The Dick Powell Show is an American television anthology series that aired on NBC from September 26, 1961, until September 17, 1963, primarily sponsored by the Reynolds Metals Company.

== Overview ==
The series was an anthology of various dramas and comedies. Programs were initially hosted by longtime film star Dick Powell until his death from lung cancer on January 2, 1963, then by a series of guest hosts (under the revised title The Dick Powell Theatre) until the series ended. The first of these hosts was Gregory Peck, who began the January 8 program with a tribute to Powell, recognizing him as "a great and good friend to our industry." Peck was followed by fellow actors such as Robert Mitchum, Frank Sinatra, Ronald Reagan, Glenn Ford, Charles Boyer, Jackie Cooper, Rock Hudson, Milton Berle, Jack Lemmon, Dean Martin, Robert Taylor, Steve McQueen, David Niven, Danny Thomas, Robert Wagner and John Wayne.

It featured many future stars, producers, and directors early in their careers, including Aaron Spelling, Sam Peckinpah and Bruce Geller. Blake Edwards wrote and directed a number of episodes, including two featuring Robert Vaughn as an Ivy League private eye known as "The Boston Terrier". Several episodes, including those featuring The Boston Terrier, doubled as pilots for potential Four Star Television series, including an unsuccessful attempt to revive The Westerner in a modern-day setting, featuring Lee Marvin in Brian Keith's original role. The original pilot episode for Burke's Law ("Who Killed Julie Greer?"), starring Powell as Amos Burke, appeared as the debut episode of this series.
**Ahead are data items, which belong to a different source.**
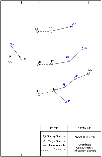 This process computes provisional and/or adjusted coordinates of all observed survey stations contained in an input file of reduced observations such as output from process SUROBS.
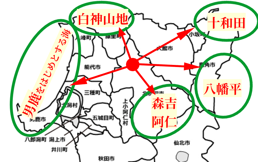 - 鷹巣エリアは、白神山地・男鹿・十和田・八幡平・・・様々なアウトドアエリアの真ん中に位置していること
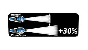 Zapewniające do 30% lepszą widoczność na drodze, żarówki Philips Vision Moto to doskonały wybór dla motocyklistów, którzy poszukują produktów oferujących wysoką wydajność i bezpieczeństwo. Większa moc strumienia świetlnego sprawia, że kierowcy motocykli mogą szybciej reagować na przeszkody i unikać wypadków.
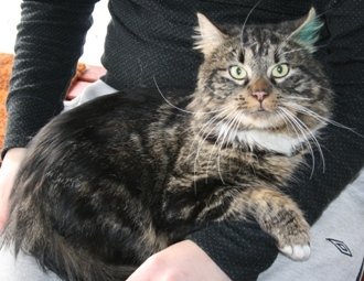 "Værnes" er en semilanghåret hannkatt, i fargene brunsvart tigret, med litt hvit på halsen og potene.

The Dick Powell Show was one of the many productions of Four Star Television. The series' theme, "More Than Love" ("Theme from The Dick Powell Show"), and the majority of musical compositions heard throughout the series were the work of Herschel Burke Gilbert.

== Distribution ==
The Navy Motion Picture Service made The Dick Powell Show available for viewing aboard ships in 1964. Episodes were packaged with episodes of The Untouchables in 108-minute programs on 16-millimeter film.

==Episodes==
In 1962, Peckinpah directed and co-wrote the episode "Pericles on 31st Street, which featured Theodore Bikel, Carroll O'Connor, Arthur O'Connell, and Strother Martin.